** Material for the task **
· · · ·

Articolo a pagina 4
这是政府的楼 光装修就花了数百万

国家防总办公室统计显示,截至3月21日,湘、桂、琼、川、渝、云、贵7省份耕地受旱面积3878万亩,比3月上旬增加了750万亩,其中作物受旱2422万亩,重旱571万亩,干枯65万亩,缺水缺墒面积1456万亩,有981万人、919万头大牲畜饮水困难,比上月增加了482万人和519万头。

· · · ·

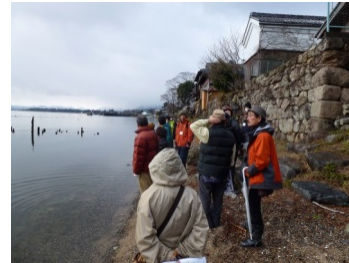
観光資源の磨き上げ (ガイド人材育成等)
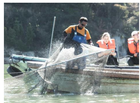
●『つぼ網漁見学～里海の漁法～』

· · · ·

** Task to complete **
Look back at the entries above and repeat, unchanged, every line from the line holding "Articolo a pagina 4" through the line holding "国家防总办公室统计显示,截至".

** Worked solution **
Articolo a pagina 4
这是政府的楼 光装修就花了数百万

国家防总办公室统计显示,截至3月21日,湘、桂、琼、川、渝、云、贵7省份耕地受旱面积3878万亩,比3月上旬增加了750万亩,其中作物受旱2422万亩,重旱571万亩,干枯65万亩,缺水缺墒面积1456万亩,有981万人、919万头大牲畜饮水困难,比上月增加了482万人和519万头。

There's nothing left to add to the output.